Before the examination it is advisable to urinate to eliminate any bacteria that may be in the urethra. Hands should be washed thoroughly and then the glans cleaned with an antiseptic solution.
Sperm collection is usually done by masturbation in a suitable room where you can isolate yourself without risk of being disturbed.
The collection takes place in a special sterile vial with wide edges, the temperature of which must not be too low. The bottle is immediately given to the laboratory professional who immediately labels it to avoid any confusion.
Laboratory recommendations may vary.
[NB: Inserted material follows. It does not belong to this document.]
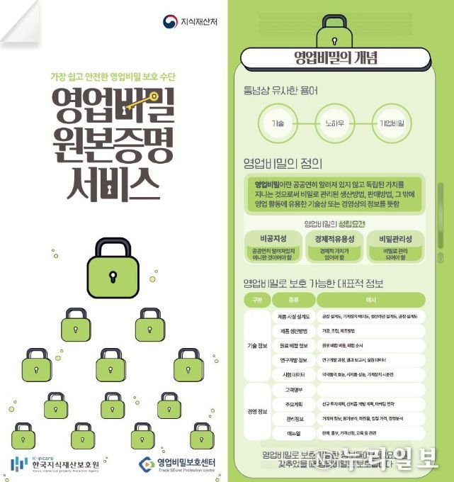 영업비밀 원본증명 서비스는 영업비밀을 보유하고 있는 기업에서 원본 전자파일의 고유값을 원본증명기관에 등록하여 분쟁 발생 시 영업비밀의 존재 여부와 보유 시점을 입증하도록 하는 서비스다.

The examination procedures will be explained to you on a case-by-case basis.
It is common to have to repeat the test because many factors can affect the results (season, fatigue, time of day, etc.).
Normal values also vary from laboratory to laboratory and an average result does not necessarily explain infertility.
As an indication, the standards defined by the World Health Organization are as follows:
• Volume: between 1.5 and 6 mL
• pH: 7.2 - 7.4
• Viscosity: liquefaction time of 30 min
• Sperm count: greater than or equal to 15 million per mL or 39 million per ejaculation.
• Vitality: greater than 58%.
• White cells (leukocytes): < 1 million/mL
• Sperm of typical shape: more than 4%.
The results will also allow to detect certain anomalies such as:
• Aspermia: absence of ejaculation
• Oligospermia: too low a concentration of sperm
• Necrospermia: less than 58% of living sperm
• Azoospermia: total absence of sperm
• Asthenospermia: total mobility less than 40%.